Every time a recruitment agency hacks off a client or a candidate that’s another reason why my business venture will make it. And as an interim, every time a client does something jawdroppingly ‘stupid’ they needed someone like me to come in and sort it out.

So, I do hope we get to celebrate bad behaviour in this group and turn it into opportunities. For those of you in the IIM group you may have seen what was a spectacularly bad tempered and very dumb thread where members criticised a potential client’s opinion of interims……no thought of engaging with the potential client, or taking on board what he said (feedback is a gift)……and every time this happens I just thank my lucky stars.’

To which Jonathan Wilson replied:

‘So… bad behaviour may be killing big business by inspiring new business. Creative self-destruction where capitalism meets Marxism in Schumpeter’s neo-liberalism. Heady stuff full of opportunities for caring opportunists. Great stuff!’

And Ian Sutherland added:

‘There seems to be something here about conscious and unconscious behaviour. To me Doug’s point is often about bad behaviour being unconscious and then breeding further bad behaviour and indeed vindicating it.

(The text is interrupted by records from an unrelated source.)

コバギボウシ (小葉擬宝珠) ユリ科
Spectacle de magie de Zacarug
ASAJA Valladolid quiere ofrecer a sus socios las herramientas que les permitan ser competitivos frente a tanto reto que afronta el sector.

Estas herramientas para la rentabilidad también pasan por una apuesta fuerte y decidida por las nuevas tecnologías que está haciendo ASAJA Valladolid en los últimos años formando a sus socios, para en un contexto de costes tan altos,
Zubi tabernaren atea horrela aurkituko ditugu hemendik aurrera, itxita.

Julia’s optimisim (and I do believe that every challenge presents an opportunity if you have the right mindset) is based on recognising bad behaviour and trying to do something about. Business these days especially big business (and previously successful business) has a huge organisational inertia. My guess is that in 90% of the cases that is just fixing the immediate mess (I’m a manager get me out of here!), but every now and then there will be a real desire to make things different and better.

Being conscious that it is bad behaviour is the start.’

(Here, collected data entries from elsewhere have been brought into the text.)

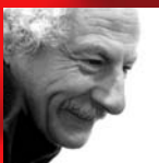
Rafael Álvarez 'El Brujo'

Teatro Romano Del 15 al 19 de julio, 23 horas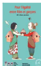
"Pour l'égalité entre filles et garçons, 100 albums jeunesse" (2009)

À noter : Certaines productions éditoriales, certains films, perpétuent les stéréotypes et les nourrissent. Ces bibliographies réalisées par l'Atelier des merveilles (Le Teil, Ardèche) et cette filmographie réalisée par la Fédération des oeuvres laïques de la Drôme, ont pour but d'aider les parents, les enseignants et les médiateurs à trouver des outils pour réfléchir avec les jeunes aux stéréotypes et aux représentations des femmes et des hommes, vers plus d'égalité. Accédez aux documents en version "pdf" grâce aux flashs codes.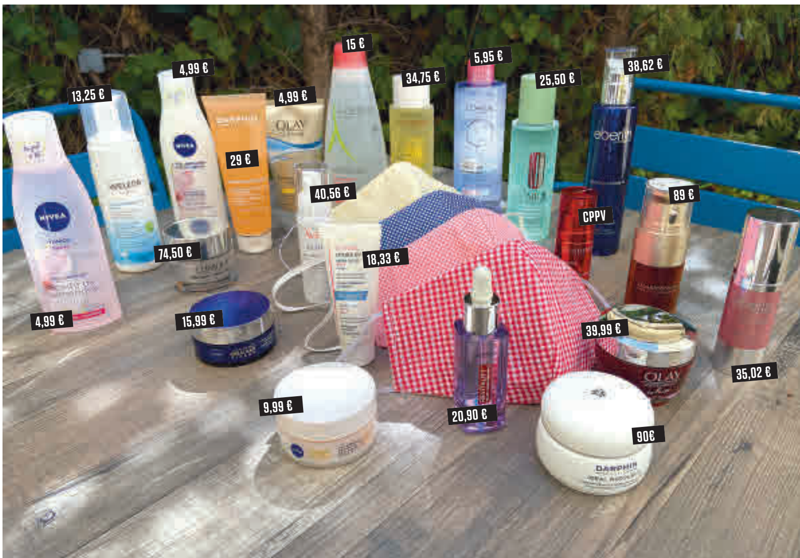
Una selección de productos de las mejores marcas AGRADecIMIENTOS: RESTAURANTE EL JARDÍN DE ALMA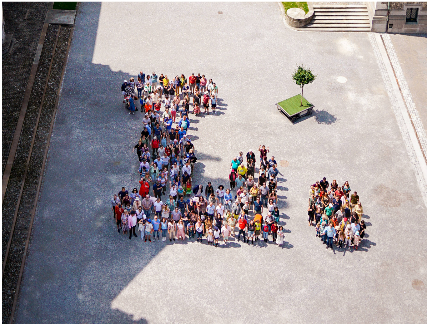
Une activité participative spéciale pour petits et grands a donné l'occasion de faire partie du jubilé du Musée national Zurich.

And back to Jonathan again:

‘Very much so, Ian, and it raises interesting questions about the different perspectives of the self-employed (like most of us) and the employed. People express their real values very much more by their actions than by their words and the fit between them says most of all.

I don’t think anyone goes to work to do bad things, or to do things badly, but they will do things and allow things that they do not really believe are good things to do because they want:

to stay employed (for the money or the security or the company)

to avoid conflict or embarrassment with their boss or in front of their peers.

(I know from other research that intelligent, skilled people would rather risk death than embarrassment and have died as a result, taking hundreds more with them)

As businesses get bigger and older (a key transition is with the departure or death of the founders so the firm becomes entirely run by agents) it becomes less clear what they stand for and they lose the guiding light, “What would [the founder] do?”.

When firms become publicly owned the managers simplify (simplisticise?) the aim of the company as being to make money, because money is the most obvious (though often erroneous) abstraction of the concept of value. And because we delegate the management of the owning of shares to other agents (fund managers, insurance companies, pension funds) and they want to show they are doing a good job the focus on money and apparent profit is intensified and made even more short term. One year is a ridiculously short time to assess a company or a strategy, but public companies are made to report and be judged on their financial results every three months. This affects their behaviour quite negatively. When in order to incentivise them, senior managers are given bonuses (just for doing the job) based on that financial performance the perversion becomes destructive.

As you say , Ian, big companies do have immense inertia from their physical presence, established customer base, license to operate and their brand. And so some of their employees, up to and including the CEO, sometimes tend to tend undervalue that and take it for granted, even appearing to believe that they have an eternal right to do what they do. This then leads to the arrogance and complacency that eventually brings them down, but it is usually a long, slow corrosive process leading to an apparently sudden, shocking collapse.’

I love where this conversation is going, so much so I wanted to share it beyond the group. Thanks to Julia, Jonathan and Ian for giving me (and I hope now you) lots of food for thought. I’d love to know what you think about some of the points raised here.